Graduate School of Science and Engineering, Kagoshima University, 1-21-35 Korimoto, Kagoshima, 890-0065, Japan.
Protein Expr Purif. 2018 Oct;150:109-118. doi: 10.1016/j.pep.2018.05.013. Epub 2018 May 29.
The Brevibacillus expression system has been successfully employed for the efficient productions of a variety of recombinant proteins, including enzymes, cytokines, antigens and antibody fragments. Here, we succeeded in secretory expression of Trastuzumab Fab antibody fragments using B. choshinensis/BIC (Brevibacillus in vivocloning) expression system. In the fed-batch high-density cell culture, recombinant Trastuzumab Fab with amino-terminal His-tag (His-BcFab) was secreted at high level, 1.25 g/liter, and Fab without His-tag (BcFab) at ∼145 mg/L of culture supernatant. His-BcFab and BcFab were purified to homogeneity using combination of conventional column chromatographies with a yield of 10-13%. This BcFab preparation exhibited native structure and functions evaluated by enzyme-linked immunosorbent assay, surface plasmon resonance, circular dichroism measurements and size exclusion chromatography. To our knowledge, this is the highest production of Fab antibody fragments in gram-positive bacterial expression/secretion systems.

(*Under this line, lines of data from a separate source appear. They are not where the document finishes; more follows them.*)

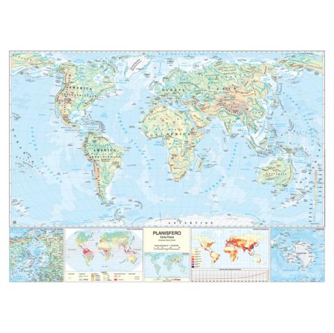 è una carta murale di grande formato, con plastificazione opaca antiriflesso e aste in plastica. La cartografia è basata sulla proiezione tripla di Winkel e rappresenta l'aspetto fisico della terra su un lato e quello politico dall'altro. L'uso dei colori è bilanciato per salvaguardare sia la brillantezza che la leggibilità della carta. Le città si distinguono per grandezza con una simbologia appropriata e in entrambe le versioni è curata la dizione italiana dei toponimi esteri. La parte fisica è completata dai riquadri dei poli, da alcune tavole tematiche riguardanti sismicità, clima, densità di popolazione e dal grafico dell'aumento mondiale della popolazione. La parte politica mostra le bandiere del mondo con i dati essenziali di tutte le nazioni.
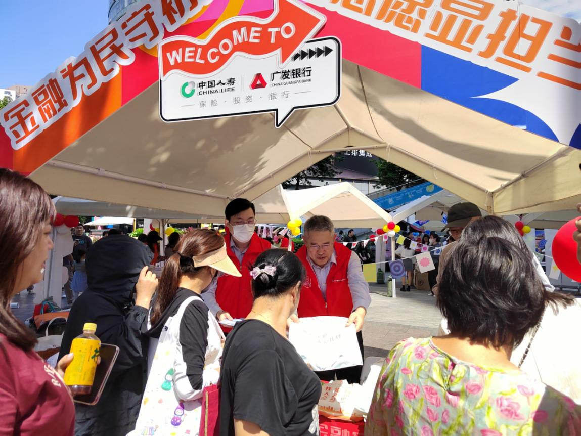 廣發(fā)銀行深圳分行紀(jì)委書記杜經(jīng)濤向現(xiàn)場(chǎng)群眾發(fā)放宣傳購(gòu)物袋
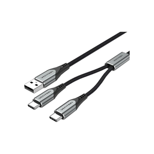Дата кабель USB 2.0 AM to 2хUSB-C M 1.0m 2.4А 480Mbps Aluminum Vention (CQOHF)
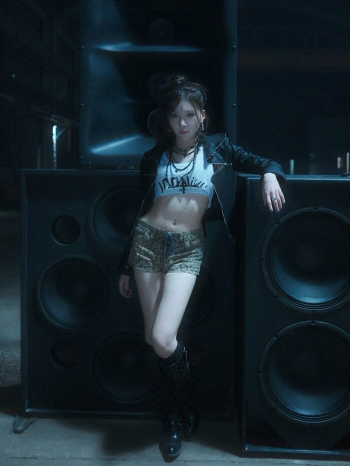 巨大なスピーカーの前ですらりとたたずんだショットも!キュッと引き締まったウエストやショーパンから伸びた長い足が際立ち、うっとり見とれてしまうほどのスタイルです。

短短芽孢杆菌表达系统已成功用于高效生产多种重组蛋白,包括酶、细胞因子、抗原和抗体片段。在此,我们利用嗜碱短短芽孢杆菌/体内克隆(BIC)表达系统成功实现了曲妥珠单抗Fab抗体片段的分泌表达。在补料分批高密度细胞培养中,氨基末端带有His标签的重组曲妥珠单抗Fab(His-BcFab)以1.25 g/升的高水平分泌,而无His标签的Fab(BcFab)在培养上清液中的浓度约为145 mg/L。通过传统柱色谱组合将His-BcFab和BcFab纯化至均一,产率为10-13%。通过酶联免疫吸附测定、表面等离子体共振、圆二色性测量和尺寸排阻色谱评估,该BcFab制剂具有天然结构和功能。据我们所知,这是革兰氏阳性细菌表达/分泌系统中Fab抗体片段的最高产量。